With that second function I’m getting a list of “archiving units” from the metadata database, they are a subdivision of the aforementioned “opi”. $1 in that context equals “id”, i.e archiving units. At first I wanted to get a complete liste of archiving units, similar to my list of OPIs. But then I realized I didn’t care much about a list and a simple total count would be sufficient.
These two functions are working great on small databases but they don’t scale up well when millions of documents (~7) are involved.
If the queries are fast for small amount of data but struggles with a larger amount of data, please make sure that all your queries are backed by indexes. To check further on the slowness observed, could you share below details:
Please share the queries you are using.
If there are any error messages observed while executing the queries with large dataset.
As @Tarun_Gaur mentioned, further details would be useful in order to provide relevant advice.
However, I noticed your aggregation queries are using $group to count all documents so the number of documents processed will scale with the size of the collection.

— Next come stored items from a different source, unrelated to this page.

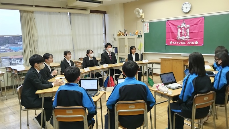 清瀬市立清瀬中学校では、老沼実夏さん(教育学部4年)、山城陽奈さん(教育学部4年)、白井悠悟さん(情報学部4年)、小川みなもさん(教育学部3年)、堺里菜さん(教育学部3年)、島田海大さん(教育学部3年)が参加しました。
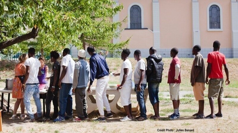 Depuis le 30 août, les exilés sont hébergés sous tentes par la paroisse Sainte Catherine de Briançon. Les malades, femmes et enfants sont placés en sécurité dans une salle paroissiale.
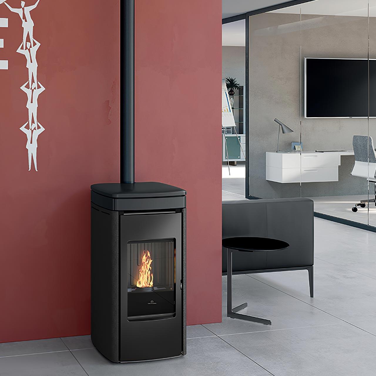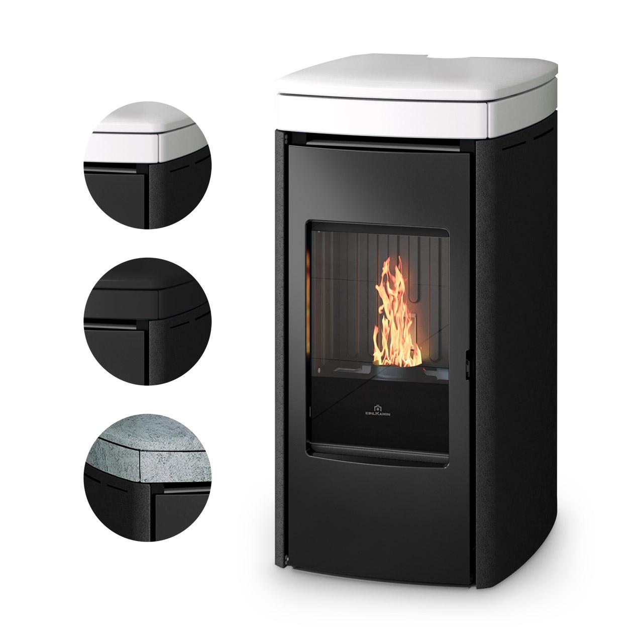 Pelletofen Edilkamin Yana: Eine Feuerstätte mit Top aus Keramik oder Naturstein.

Maintain a count in your application logic when documents are updated or deleted so you don’t have to calculate this dynamically.
If you need a count of all documents in a collection and speed is more important than accuracy, use the estimatedDocumentCount().
If you have other functions that return larger result sets, consider implementing using an officially supported MongoDB driver instead of piping to the mongo shell. You will likely have better performance and can do any extra transformations within a single implementation instead of piping through other tools like cut or tr.